*** Opening Records for the exercise ***

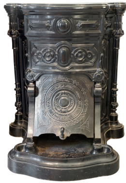
Cheminée n° 9
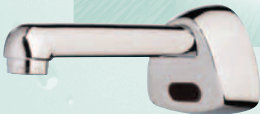
Modularmatur mit Wandbefestigung (3 Ausgussversionen)
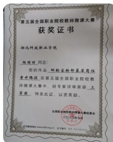
全国职业院校微课大赛三等奖
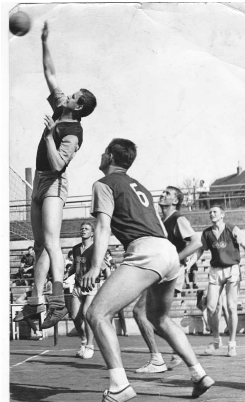
Ještě jedna vzpomínka na základní vojenskou službu v Dukle Kolín.

S Duklou jsem byl a zahrál si i na Poháru mistrů v holandském Haagu.
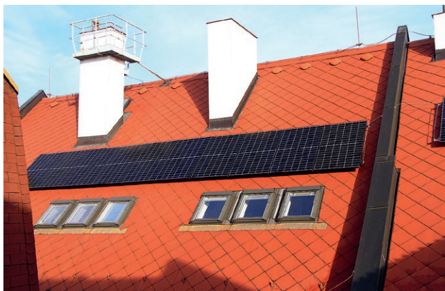
Panely na jihozápadní střeše radnice směřující do dvora, viditelné jsou jen z ptačí perspektivy

V letošním roce se dočkají dvě mateřské školy, MŠ Víta Nejedlého a MŠ U Stadionu. V obou případech pomůže fotovoltaická výroba snižovat především vyšší spotřebu elektrické energie v souvislosti s rekuperací vzduchu.
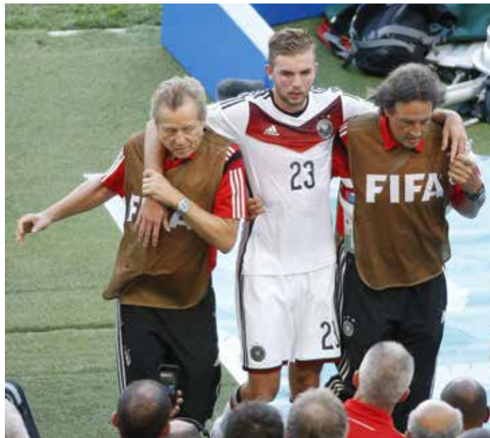
Deutschlands Christoph Kramer erlitt im WM-Finale 2014 eine Gehirnerschütterung.

nach den neuen Regeln eine kurze Behandlung auf dem Feld zulässig, ohne dass der Spieler runter muss).
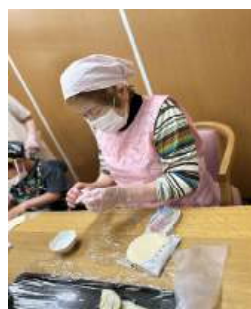
包むの何年振りかしら
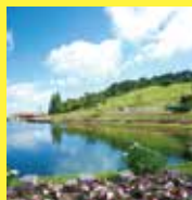
六甲山カンツリーハウス
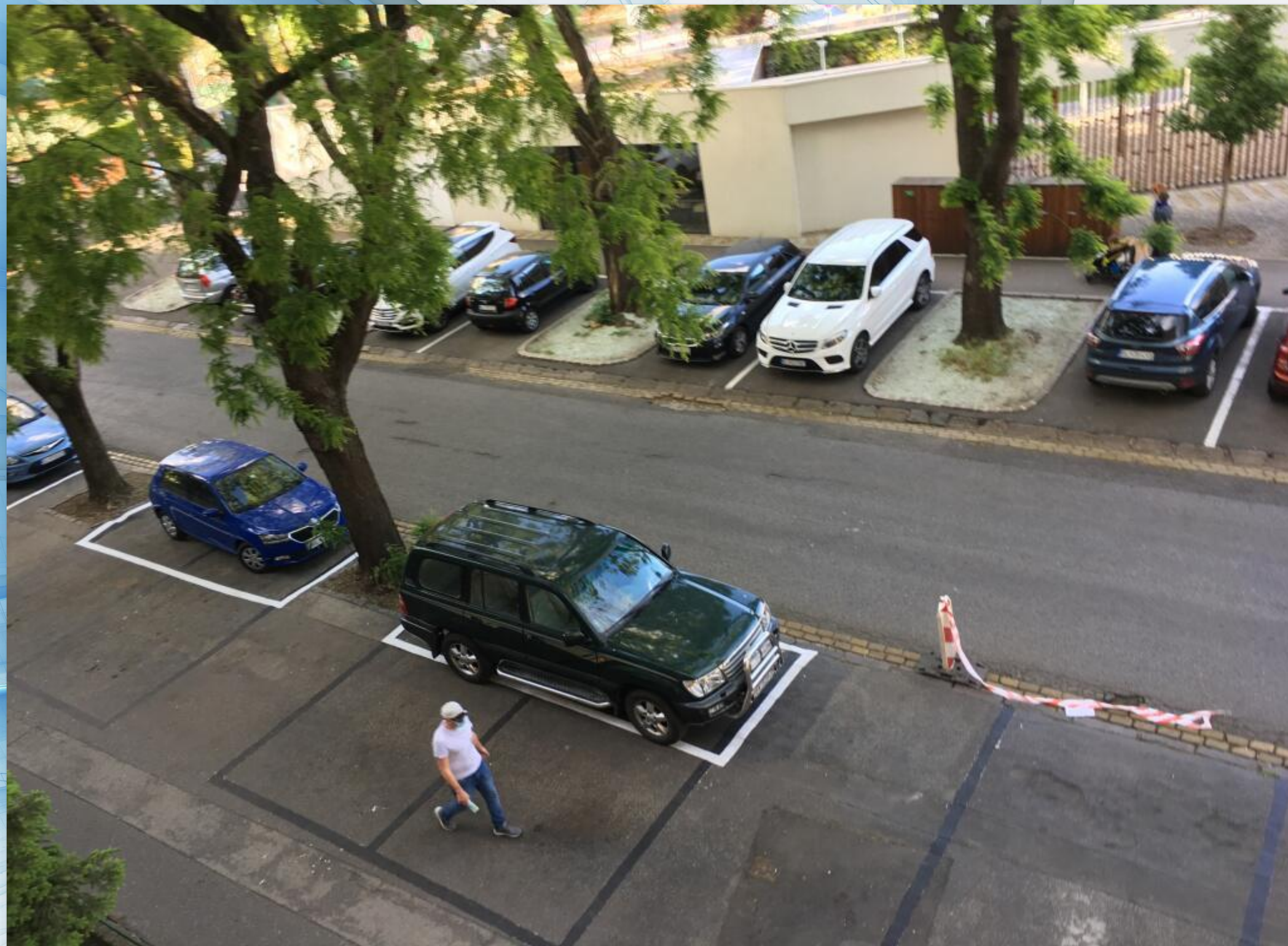
Parkovanie v Bratislavskom Novom Meste, zdroj plus 7 dní.
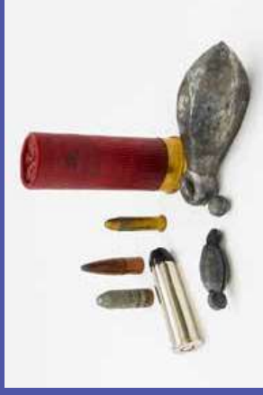
trong các loại đạn và chì câu cá
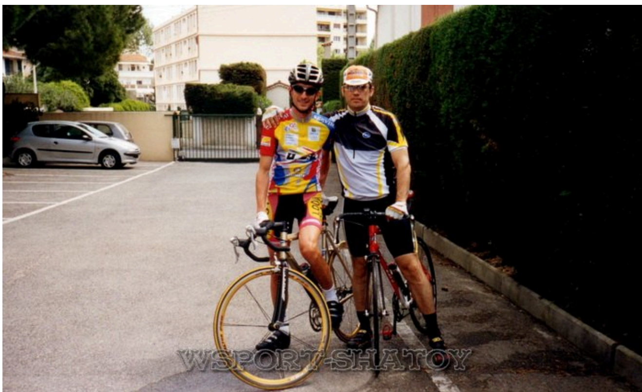
С чемпионом Франции Винсентом Жае.
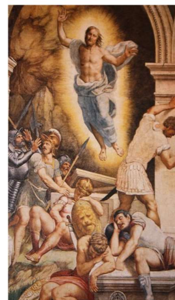
Resurrezione - Duomo di Cremona

AUGURI dal Consiglio Pastorale e dal Consiglio Economico
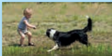
Overijssel; fantastisch und gemütlich!
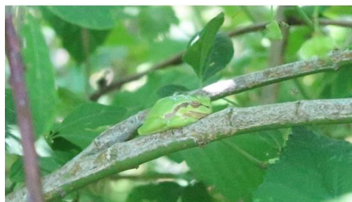
Boommikkertje in de Mortelen
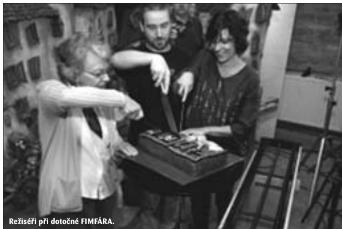
Režisérí při dotočné FIMFÁRU.

10. února vstoupil do kin další pozoruhodný snímek, v řadě už třetí animované Fimfárum Jana Wericha, tentokrát ovšem ve formátu 3D. Opět obsahuje tři pohádky a jejich hlavním průvodcem je opět Jan Werich – ostatně jeho podání je nedostižné. Vznikl tak snímek pro děti i dospělé, který se ctí navazuje na slavnou českou školu animovaných filmů a který si jistě najde cestu i do ciziny.
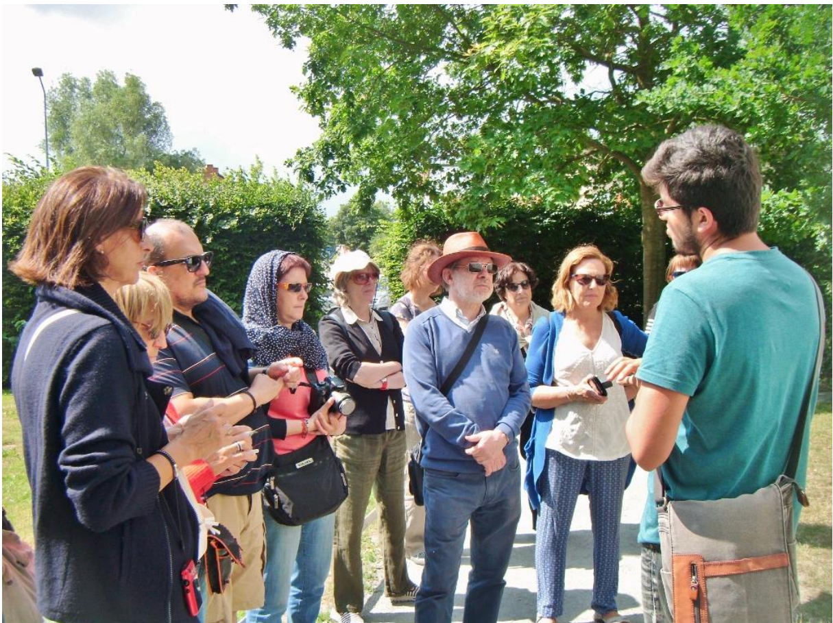
Kulturprogramm: Spanische Gäste in Eldena am 8. Juli 2015
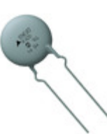
B72220U2151K501 EPCOS 20MM, 150V , 125 DEG.C OPERATING
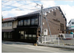
㉒ 松田屋・松田家町家

明治期の町家。元は問屋業の大店で、市内最大級の町家。右側に土蔵造りの塀が回る実質入口をもつ。明治期の桜の名所吉萬公園(南大通近辺)を提供していた。 ■非公開
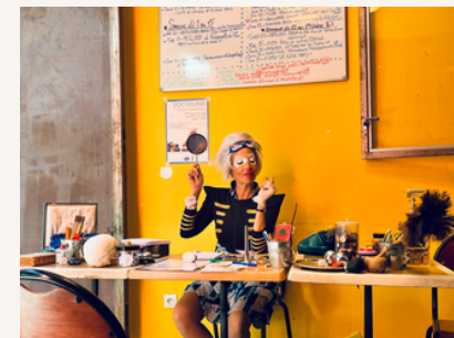
à la table
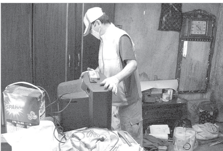
의정부시 송산노인복지회관은 올해 노인일자리사업 신규로 20명의 어르신이 참가하는 주거개선 사업단을 만들어 어려운 가정을 찾아가 전기, 수도, 도배, 장판 등을 수리 및 교체해 주는 사업을 추진하고 있다.

저소득 어르신들께 도배에 필요한 도배지, 풀 등 도배물품을 지원하고 싶으신 분이나 후원을 원하시
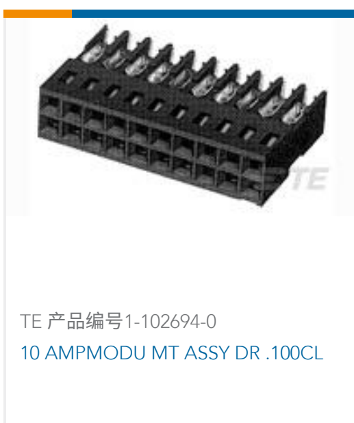
TE 产品编号1-102694-0 10 AMPMODU MT ASSY DR .100CL
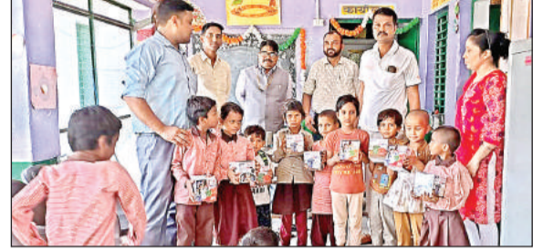
बच्चों को उपहार देते बैंक के शाखा प्रबंधक। अमृत विचार
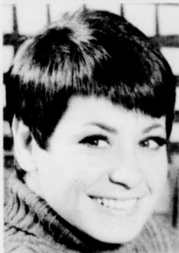
GINETTE RENO est l'invitée de «Place aux femmes», lundi à 14 h 30.
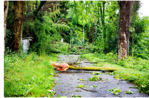
Chemin de la gare à Fustérouau
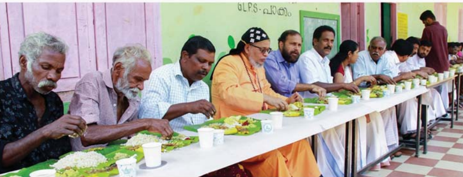
പാക്കം ദുരിതാശ്വാസ ക്യാമ്പിലെ ഭജനങ്ങൾക്കൊപ്പം അഭിവാദ്യ വിതാവ് ഓണസദ്യയിൽ പങ്കെടുക്കുന്നു

From: Chancellor, Bishop's House, Sulthan Bathery Wayanad, Kerala, India Tel: 04936 220207, 9446293293 email: exodusby@gmail.com
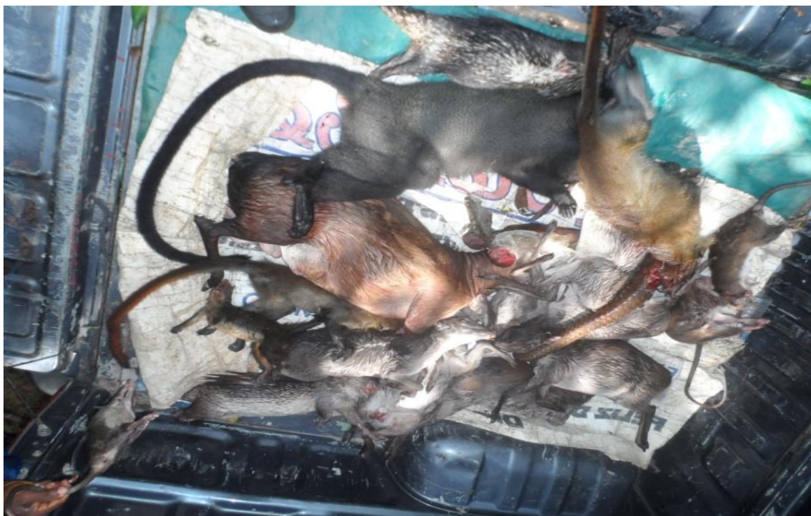
Especies faunísticas más sobresalientes.
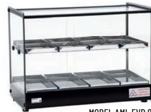
MODEL AML EVR 8BD
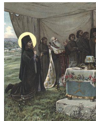
Молитва свт. Иоасафа в походной церкви за 130-ти летнего священника
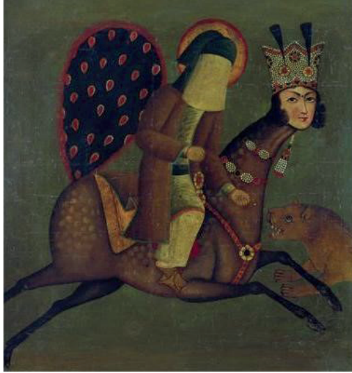
Görsel 7. Muhammet Zaman, Miraç, Keten Üzerine Yağlı Boya, Astan Quds Razavi Müzesi, 17.yüzyıl.

nedenle elleri ile gözlerini kapatır ve yandıklarını söylerlerdi. Bu nedenle “Hz. Peygamber’in başındaki hâle gibi kapalı yüzünün de ışıklı olduğu gerçeği de unutulmamalıdır.” (And, 2022: 127). Peçe bir çeşit kutsiyet katmak amacıyla kullanılır. Bu da bize perdeleme/peçeleme betimlemesinin, İsis ile aynı nedenle kullanıldığını gösterir. (Görsel 7, Görsel 8).

*** Closing Records for the exercise ***

▸ Assigned task:
Make an exact copy of the lines above, beginning with the line with "Ještě jedna vzpomínka" and ending with the line with "六甲山カンツリーハウス", and keep the pictures out of it.

▸ Task response:
Ještě jedna vzpomínka na základní vojenskou službu v Dukle Kolín.

S Duklou jsem byl a zahrál si i na Poháru mistrů v holandském Haagu.
Panely na jihozápadní střeše radnice směřující do dvora, viditelné jsou jen z ptačí perspektivy

V letošním roce se dočkají dvě mateřské školy, MŠ Víta Nejedlého a MŠ U Stadionu. V obou případech pomůže fotovoltaická výroba snižovat především vyšší spotřebu elektrické energie v souvislosti s rekuperací vzduchu.
Deutschlands Christoph Kramer erlitt im WM-Finale 2014 eine Gehirnerschütterung.

nach den neuen Regeln eine kurze Behandlung auf dem Feld zulässig, ohne dass der Spieler runter muss).
包むの何年振りかしら
六甲山カンツリーハウス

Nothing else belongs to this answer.